Twilio announced in July 2020 that it had acquired Electric Imp, an internet of things platform company, for an undisclosed amount. In October of that year, the company acquired Segment, a platform to collect, clean, and activate customer data, for $3.2 billion. In May 2021, Twilio acquired Ionic Security, a data security platform for $30.2 million, and Zipwhip, a toll-free messaging services provider, for $850 million.

In January 2022, Twilio announced that it agreed to acquire Boku Identity, Inc. from Boku, Inc. for $32.3 million.

In October 2025, Twilio announced its agreement to acquire Stytch, an identity platform for AI agents.

==Technology==
Twilio uses Amazon Web Services to host its communication infrastructure via APIs. Rather than using industry-standard protocols such as SIP for call control, Twilio uses a customized markup language known as TwiML to allow for direct integration with its services. Twilio and the customer typically exchange TwiML documents via HTTP Webhook.

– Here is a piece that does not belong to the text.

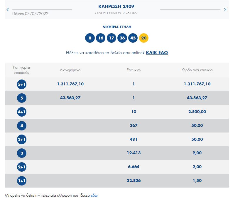 Κλήρωση ΤΖΟΚΕΡ (3/3/2022): Αυτοί είναι οι τυχεροί αριθμοί Κυριάκος Γεωργόπουλος 22:08, Πέμπτη 03 Μαρτίου 2022 κοινωνία Οι τυχεροί αριθμοί της αποψινής κλήρωσης του ΤΖΟΚΕΡ: Η ΚΛΗΡΩΣΗ ΤΟΥ ΤΖΟΚΕΡ ΤΖΟΚΕΡ Μοιράσου το: Βρετανία: Σούπερ μάρκετ κατεβάζουν από τα ράφια τους τις ρωσικές βότκες Δολοφονία στην Ανδραβίδα: “Πολύ επικίνδυνη προσωπικότητα για το κοινωνικό σύνολο ο δράστης” – Τα νέα στοιχεία ΚΙΝΑΛ: Ο Μητσοτάκης ακολουθεί τα χνάρια του Τσίπρα και δεν πιστεύει στην εθνική συνεννόηση σχολίασε κι εσύ (0 σχόλια) Ακολουθήστε το enikos.gr στο Google News και μάθετε πρώτοι όλες τις ειδήσεις Δείτε όλες τις τελευταίες ειδήσεις από την Ελλάδα και τον Κόσμο στο enikos.gr Ειδήσεις Ροή Ειδήσεων 1 ώρα πριν Αυξάνουν την πίεση προς την κυβέρνηση οι αγρότες: Κλείνουν παρακαμπτήριους και ανοίγουν διόδια – Τι θα γίνει τις γιορτές 16 λεπτά πριν ΟΠΕΚΕΠΕ: Προφυλακιστέος ο φερόμενος αρχηγός και ο λογιστής της εγκληματικής οργάνωσης 1 ώρα πριν Φοινικούντα: Το Σάββατο απολογείται ο 30χρονος γιος γνωστού επιχειρηματία της Πλάκας που παραδόθηκε – Όσα είπε στους αστυνομικούς και ο ρόλος του στο έγκλημα 57 λεπτά πριν Μπορεί ο Μαδούρο να αντέξει τον αποκλεισμό του Τραμπ; Τι θα χρειαστεί η Ουάσινγκτον για να τον ανατρέψει 2 ώρες πριν Πρίγκιπας Ουίλιαμ – Κέιτ: Η νέα οικογενειακή φωτογραφία για τις Χριστουγεννιάτικες κάρτες του 2025 2 ώρες πριν Ύπνος: Η απλή βραδινή ρουτίνα για να προστατεύσετε τα μαλλιά σας από το κρύο κατά τη διάρκεια του χειμώνα 3 ώρες πριν Manifesting: Πώς να συναντήσετε τον σύντροφο της ζωής σας, ανάλογα με τον μήνα γέννησής σας 2 ημέρες πριν 20 χρόνια τα Χριστούγεννα ξεκινούν στα Public με μεγάλη ποικιλία σε δώρα! 1 ώρα πριν Αρχαιολόγοι ανακάλυψαν ρωμαϊκά τεχνουργήματα από μια πόλη που δεν υπήρξε ποτέ – Τα τρία εντυπωσιακά κτίρια και ο αμφορέας με τις… σαρδέλες 16 λεπτά πριν ΟΠΕΚΕΠΕ: Προφυλακιστέος ο φερόμενος αρχηγός και ο λογιστής της εγκληματικής οργάνωσης 26 λεπτά πριν Αθηνά Μαξίμου: Η τρυφερή ανάρτηση για τα γενέθλια του Αιμίλιου Χειλάκη – «Είναι η εκλεκτική συγγένειά μου, η επιλογή και η ευθύνη μου» 42 λεπτά πριν Παναθηναϊκός – Χάποελ Τελ Αβίβ 93-82: Με… φόρα από την Κωνσταντινούπολη 57 λεπτά πριν Μπορεί ο Μαδούρο να αντέξει τον αποκλεισμό του Τραμπ; Τι θα χρειαστεί η Ουάσινγκτον για να τον ανατρέψει 1 ώρα πριν Αρχαιολόγοι ανακάλυψαν ρωμαϊκά τεχνουργήματα από μια πόλη που δεν υπήρξε ποτέ – Τα τρία εντυπωσιακά κτίρια και ο αμφορέας με τις… σαρδέλες ENIKOS NETWORK Σε περίοδο αυξημένης δραστηριότητας η γρίπη στην Ελλάδα-Μέτρα προστασίας από τον ΕΟΔΥ Σκέφτεστε συνέχεια συζητήσεις που έχετε κάνει; Τι σημαίνει αυτό, σύμφωνα με ειδικό Στεγαστικό: Τι λέει η ΠΟΜΙΔΑ για τα νέα μέτρα που ανακοίνωσε ο Κυριάκος Μητσοτάκης Λαγκάρντ: Αισιόδοξη για την ανάπτυξη της Ευρωζώνης, αβέβαιη για τον πληθωρισμό Χαρτογραφώντας το «σημείο χωρίς επιστροφή»: Για πρώτη φορά αποκαλύπτεται με λεπτομέρεια το ακανθώδες όριο της ατμόσφαιρας τ... Η Google καταργεί τη λειτουργία «dark web report» – Πώς θα μπορούν οι χρήστες να διαγράφουν τα δεδομένα τους περισσότερα 23:45 , Πέμπτη 18 Δεκεμβρίου 2025 ΟΠΕΚΕΠΕ: Προφυλακιστέος ο φερόμενος αρχηγός και ο λογιστής της εγκληματικής οργάνωσης Στη φυλακή οδηγούνται, μετά την απολογία τους, ο «γαλάζιος» αγροτοσυνδικαλιστής, φερόμενος ως ... 22:46 , Πέμπτη 18 Δεκεμβρίου 2025 Φοινικούντα: Το Σάββατο απολογείται ο 30χρονος γιος γνωστού επιχειρηματία της Πλάκας που παραδόθηκε – Όσα είπε στους αστυνομ

In June 2010, Twilio launched OpenVBX, an open-source product that lets business users configure phone numbers to receive and route phone calls. One month later, Twilio engineer Kyle Conroy released Stashboard, an open-source status dashboard written in the Python programming language that any API or software service can use to display whether their service is functioning properly.

== Security incidents ==
On August 4, 2022, attackers accessed Twilio's internal network through an SMS phishing campaign targeting Twilio's employees. Twilio confirmed the data breach three days later. On August 15, Signal – which used Twilio for phone number validation – announced that it had been impacted by the breach, indicating that the affected customers included enterprise accounts. The hackers obtained the data of 209 Twilio customers and compromised 93 accounts on Authy, Twilio's 2FA service, while registering their own devices to the accounts. In October of that year, Twilio disclosed that it had suffered an earlier data breach in June 2022, after a Twilio employee was tricked into revealing their access credentials in a voice phishing attack; Twilio stated that the attacker gained access to customer data for less than 12 hours.

In a July 2024 data breach, the ShinyHunters hacker group used an unsecured Twilio API to acquire the phone numbers of over 33 million Authy users.